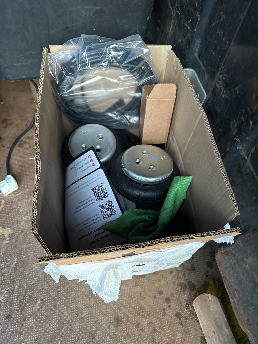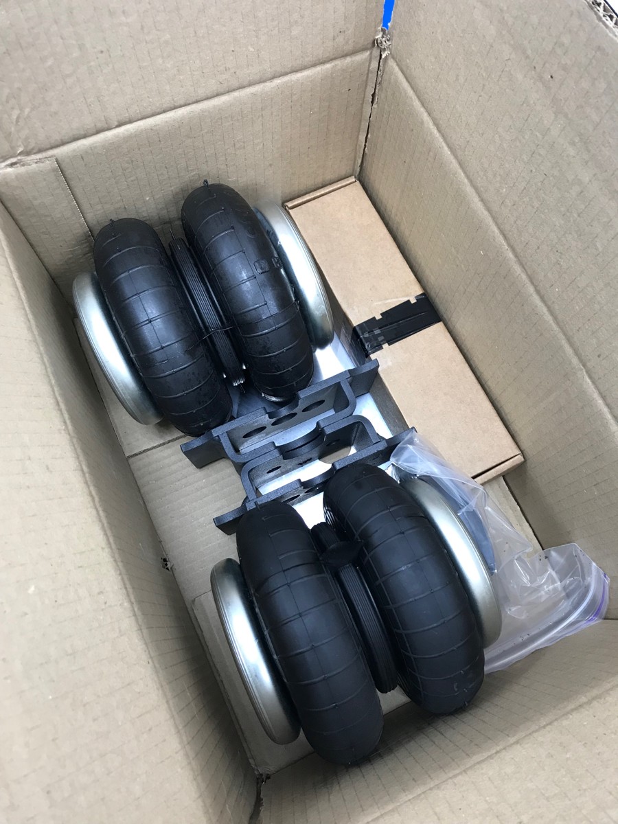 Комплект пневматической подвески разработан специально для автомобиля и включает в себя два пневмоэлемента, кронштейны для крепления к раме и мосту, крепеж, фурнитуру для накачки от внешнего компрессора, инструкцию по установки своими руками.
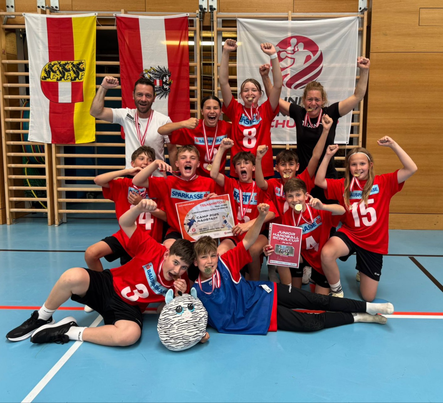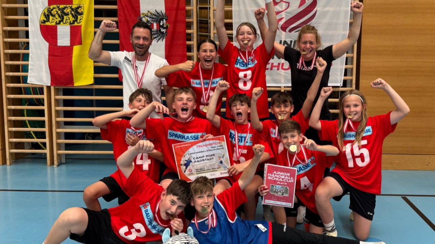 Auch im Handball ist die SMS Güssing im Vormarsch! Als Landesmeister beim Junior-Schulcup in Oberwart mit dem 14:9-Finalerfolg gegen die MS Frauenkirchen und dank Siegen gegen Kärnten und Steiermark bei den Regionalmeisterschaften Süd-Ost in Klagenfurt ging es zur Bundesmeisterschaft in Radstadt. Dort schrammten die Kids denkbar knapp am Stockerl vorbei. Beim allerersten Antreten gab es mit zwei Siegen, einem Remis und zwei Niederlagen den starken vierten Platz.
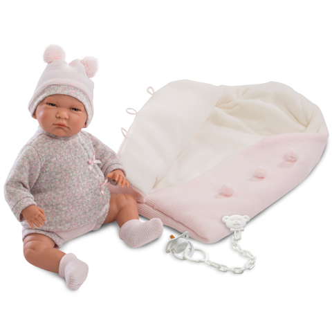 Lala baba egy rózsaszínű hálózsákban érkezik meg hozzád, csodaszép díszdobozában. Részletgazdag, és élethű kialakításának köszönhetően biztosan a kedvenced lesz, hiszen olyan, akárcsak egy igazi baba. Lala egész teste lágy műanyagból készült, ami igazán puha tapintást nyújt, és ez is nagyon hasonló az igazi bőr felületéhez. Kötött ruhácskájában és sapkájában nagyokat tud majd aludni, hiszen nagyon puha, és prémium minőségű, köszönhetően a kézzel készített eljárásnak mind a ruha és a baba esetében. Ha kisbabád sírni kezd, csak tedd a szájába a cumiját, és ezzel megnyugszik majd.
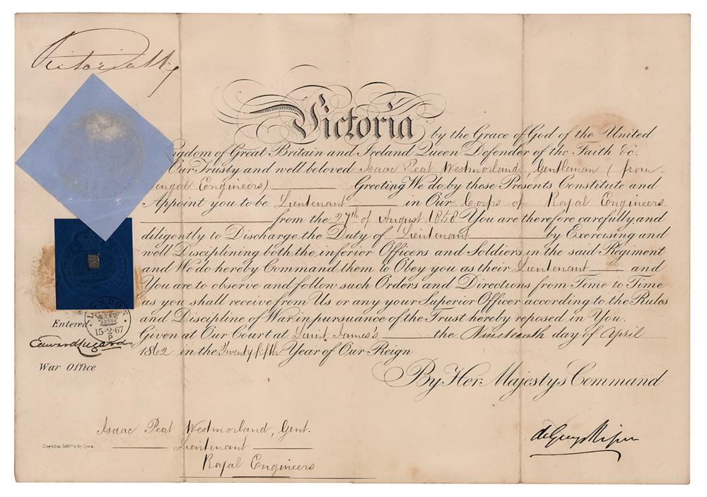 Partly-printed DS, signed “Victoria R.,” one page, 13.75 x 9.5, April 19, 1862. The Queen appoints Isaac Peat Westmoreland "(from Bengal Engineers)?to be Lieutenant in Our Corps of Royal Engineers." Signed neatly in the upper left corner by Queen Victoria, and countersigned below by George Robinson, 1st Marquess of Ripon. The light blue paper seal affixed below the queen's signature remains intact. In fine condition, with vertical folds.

==

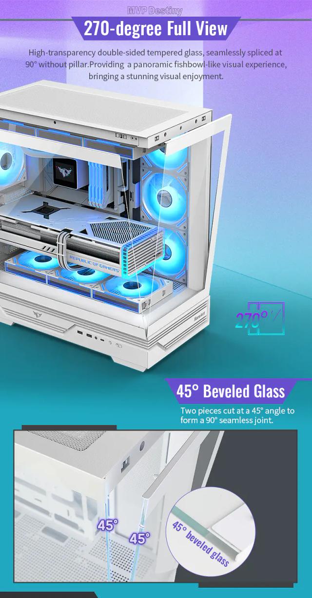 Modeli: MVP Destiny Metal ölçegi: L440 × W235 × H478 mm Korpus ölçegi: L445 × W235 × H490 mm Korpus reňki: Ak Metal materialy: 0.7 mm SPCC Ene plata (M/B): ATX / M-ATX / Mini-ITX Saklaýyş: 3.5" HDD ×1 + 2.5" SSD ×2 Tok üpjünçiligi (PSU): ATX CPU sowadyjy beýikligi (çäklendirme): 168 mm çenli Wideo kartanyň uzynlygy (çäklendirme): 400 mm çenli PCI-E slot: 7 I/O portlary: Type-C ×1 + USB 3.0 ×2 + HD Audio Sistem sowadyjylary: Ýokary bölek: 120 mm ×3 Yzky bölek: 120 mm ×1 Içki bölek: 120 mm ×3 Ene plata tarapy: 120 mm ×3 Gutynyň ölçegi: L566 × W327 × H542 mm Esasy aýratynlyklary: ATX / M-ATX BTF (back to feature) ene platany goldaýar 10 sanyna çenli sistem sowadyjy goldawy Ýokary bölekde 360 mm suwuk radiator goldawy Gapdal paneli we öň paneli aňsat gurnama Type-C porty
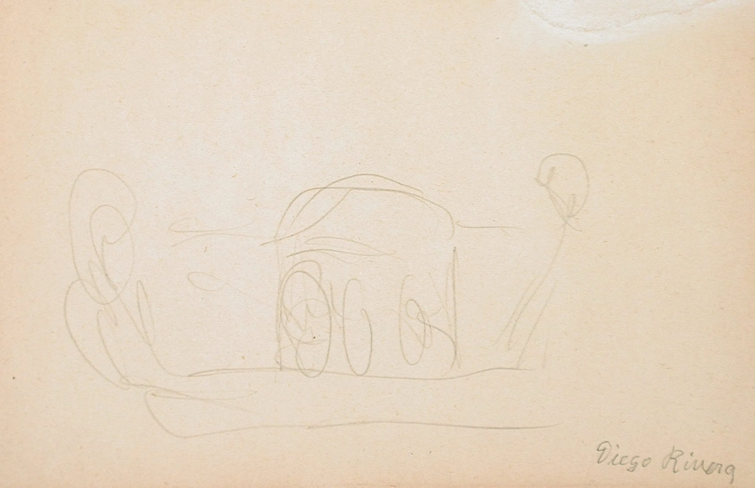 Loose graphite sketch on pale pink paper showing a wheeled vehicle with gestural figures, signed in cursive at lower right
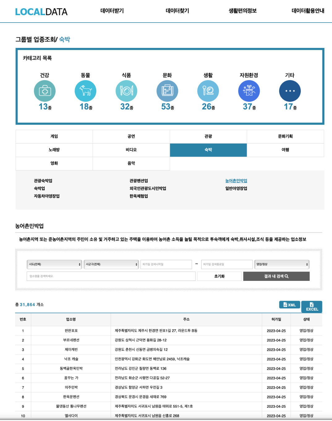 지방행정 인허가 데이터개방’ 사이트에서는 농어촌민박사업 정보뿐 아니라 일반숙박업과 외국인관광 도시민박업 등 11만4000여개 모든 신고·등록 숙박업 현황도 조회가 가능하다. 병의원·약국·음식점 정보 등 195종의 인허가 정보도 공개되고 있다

...

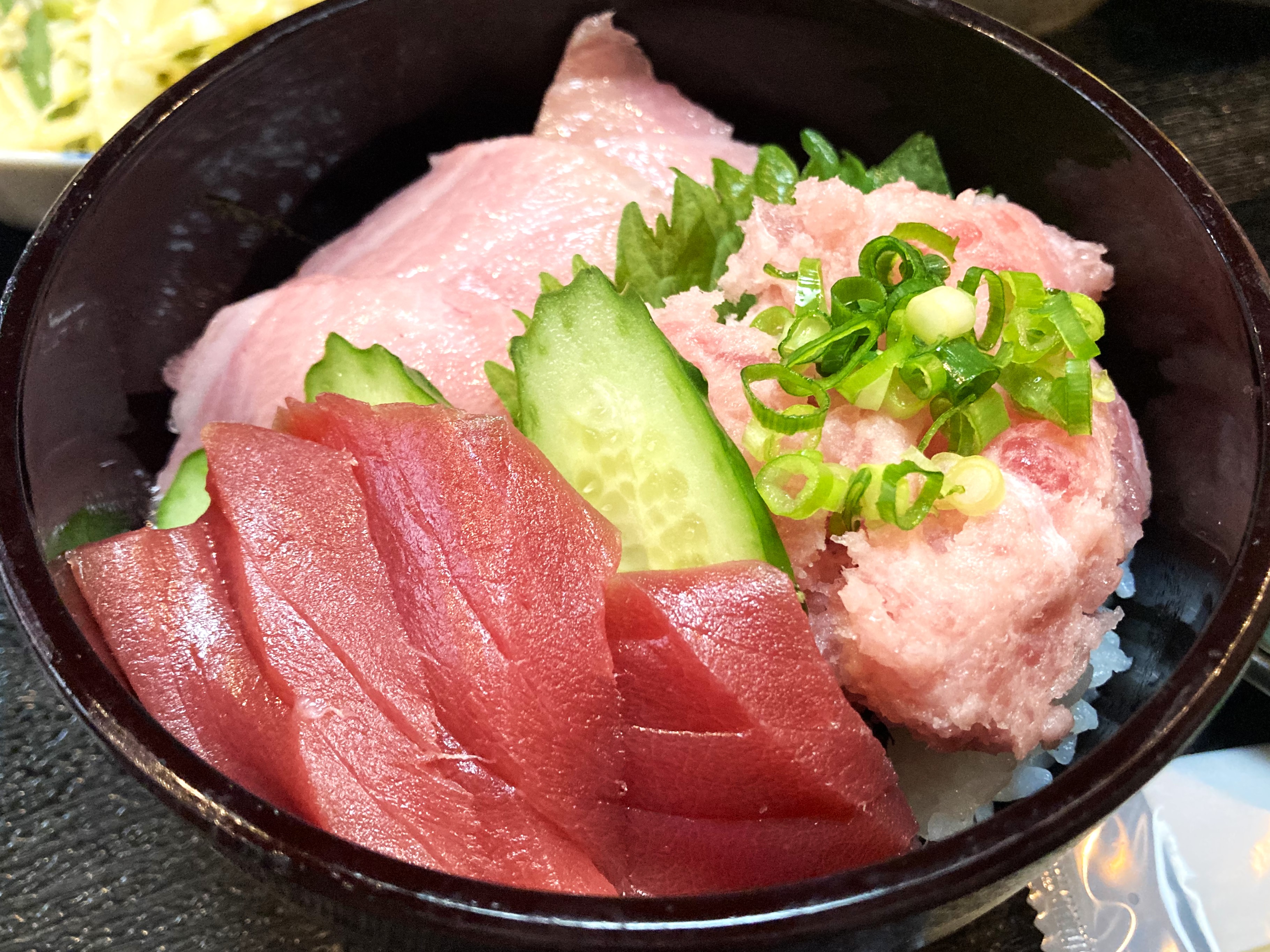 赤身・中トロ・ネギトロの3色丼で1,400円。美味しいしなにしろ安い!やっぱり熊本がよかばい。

_Your instructions_:
In the material above, one part opens with the line containing "Комплект пневматической подвески" and closes with the line containing "Lala baba egy". Write out that part exactly and skip its pictures.

_Solution_:
 Комплект пневматической подвески разработан специально для автомобиля и включает в себя два пневмоэлемента, кронштейны для крепления к раме и мосту, крепеж, фурнитуру для накачки от внешнего компрессора, инструкцию по установки своими руками.
 Auch im Handball ist die SMS Güssing im Vormarsch! Als Landesmeister beim Junior-Schulcup in Oberwart mit dem 14:9-Finalerfolg gegen die MS Frauenkirchen und dank Siegen gegen Kärnten und Steiermark bei den Regionalmeisterschaften Süd-Ost in Klagenfurt ging es zur Bundesmeisterschaft in Radstadt. Dort schrammten die Kids denkbar knapp am Stockerl vorbei. Beim allerersten Antreten gab es mit zwei Siegen, einem Remis und zwei Niederlagen den starken vierten Platz.
 Lala baba egy rózsaszínű hálózsákban érkezik meg hozzád, csodaszép díszdobozában. Részletgazdag, és élethű kialakításának köszönhetően biztosan a kedvenced lesz, hiszen olyan, akárcsak egy igazi baba. Lala egész teste lágy műanyagból készült, ami igazán puha tapintást nyújt, és ez is nagyon hasonló az igazi bőr felületéhez. Kötött ruhácskájában és sapkájában nagyokat tud majd aludni, hiszen nagyon puha, és prémium minőségű, köszönhetően a kézzel készített eljárásnak mind a ruha és a baba esetében. Ha kisbabád sírni kezd, csak tedd a szájába a cumiját, és ezzel megnyugszik majd.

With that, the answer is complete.